Let's go step-by-step.
In the case of df.saveAsTable("mytable")
, the table is actually written to storage (HDFS/ S3). It is a Spark action.
On the other hand:
df.createOrReplaceTempView("my_temp_table")
is a transformation. It is just an identifier to be used for the DAG of df
. Nothing is actually stored in memory or on disk.
spark.sql("drop table if exists " + my_temp_table)
drops the table.
spark.sql("create table mytable as select * from my_temp_table")
creates mytable
on storage. createOrReplaceTempView
creates tables in global_temp
database.
It would be best to modify the query to:
create table mytable as select * from global_temp.my_temp_table
createOrReplaceTempView only register the dataframe (already in
memory) to be accessible through Hive query, without actually
persisting it, is it correct?
Yes, for large DAGs, spark will automatically cache data depending on spark.memory.fraction
setting. Check this page.
I have to Join hundreds of tables and hit OutOfMemory issue. In terms
of efficiency, what would be the best way ?
df.persist() and df.join(..).join(..).join(..).... #hundred joins
createOrReplaceTempView then join with spark.sql(),
SaveAsTable (? not sure the next step)
Write to disk with Create Table then join with spark.sql()?
persist
would store some data in cached format depending on available memory and for end table that is generated by joining hundreds of tables, this would probably is not the best approach.

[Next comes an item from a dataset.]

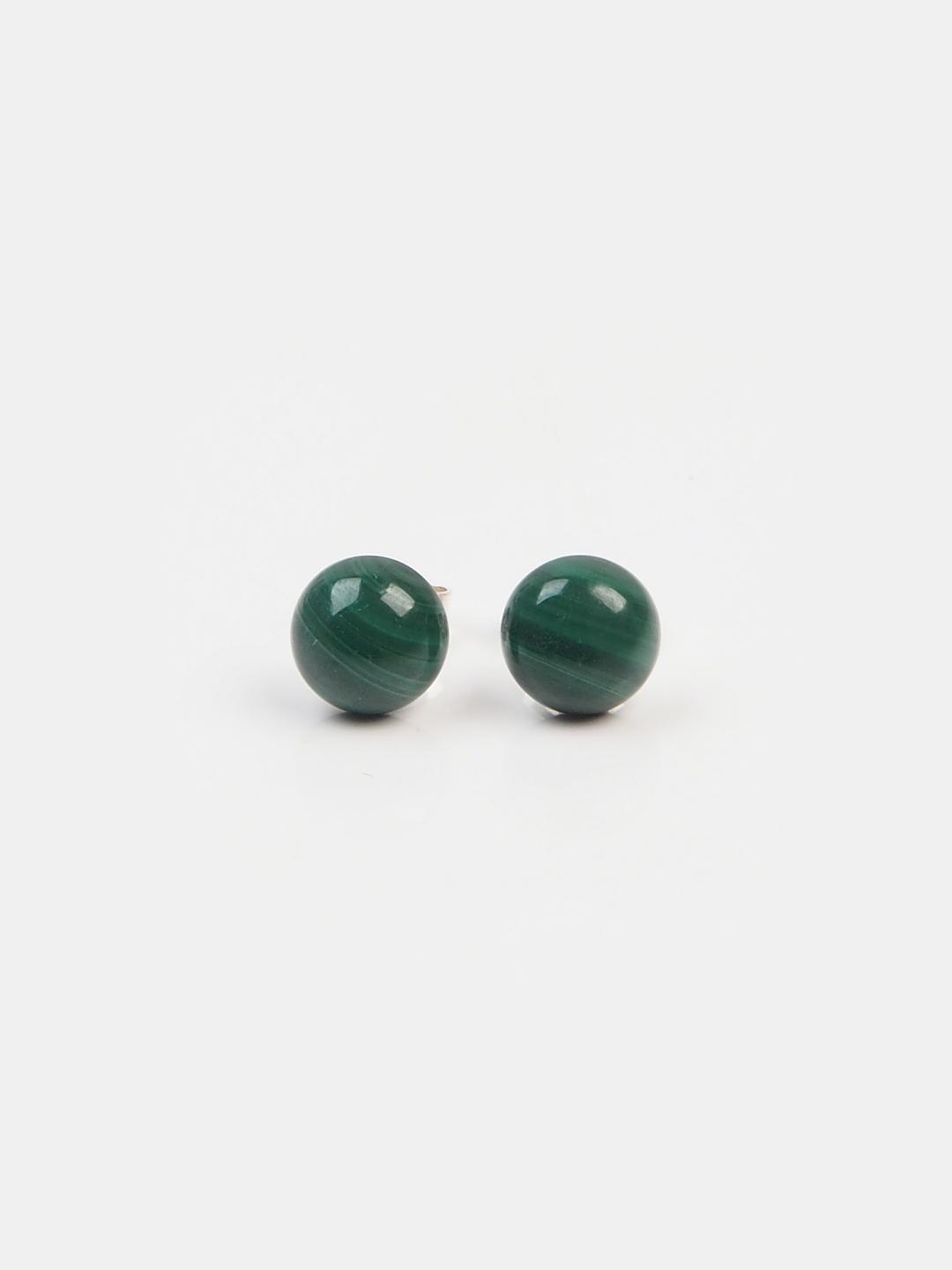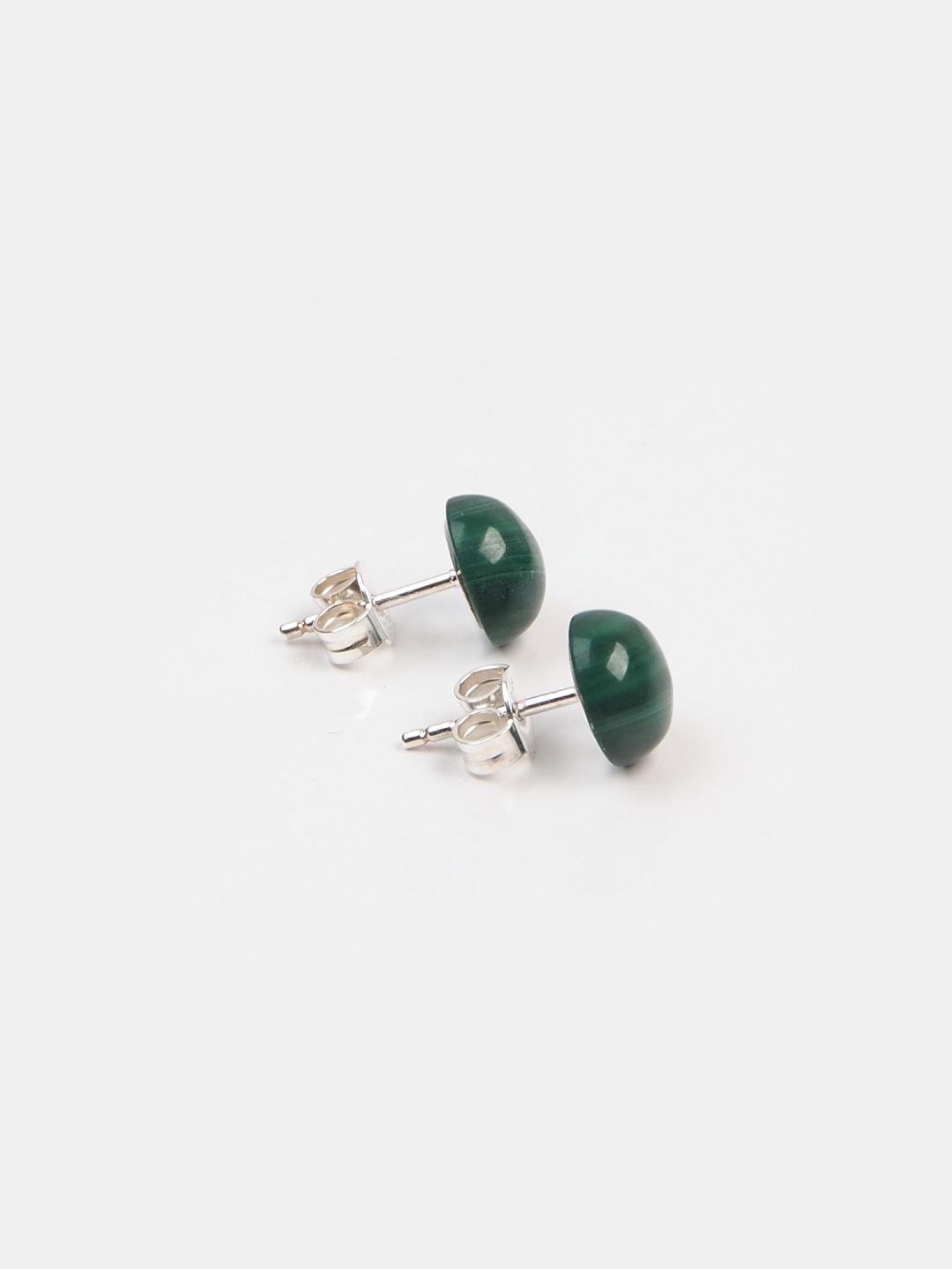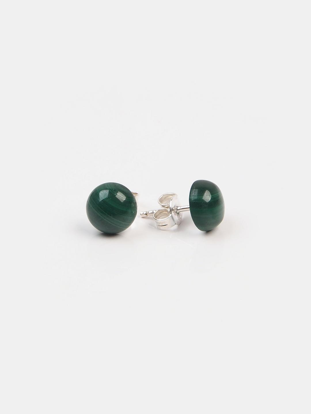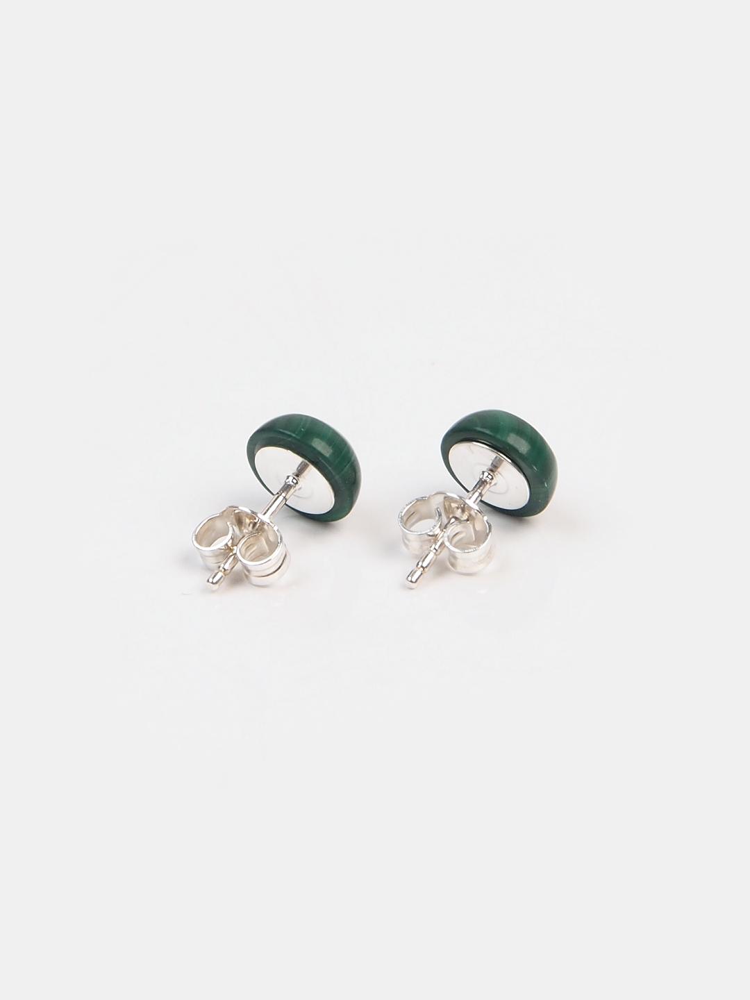 Cercei cu șurubel din argint 925 și malachit, lucrați manual în India. Cercelușii Dhosa, cu două frumoase caboșoane de malachit, se asează minunat la ureche, fiind plați în partea din spate.

It would not be possible to suggest the approach that would work for you, but here are some general patterns:
If writes fail with OOM and the default spark.shuffle.partitions
are used, then the start point is to increase the shuffle partition count to ensure that each executor's partition is sized correctly depending on its memory availability.
The spark.shuffle.partitions
setting can be set across different joins, it doesn't need to be a constant across the Spark job.
Calculating partition size become difficult if multiple tables are involved. In that case, writing to disk and reading back before large tables is a good idea.
For small tables, less than 2GB, broadcasting is a possibility. The default limit is 10MB (I think) but it can be changed.
It would be best if the final table is stored on disk rather than serving thrift clients through temp tables.
Good luck!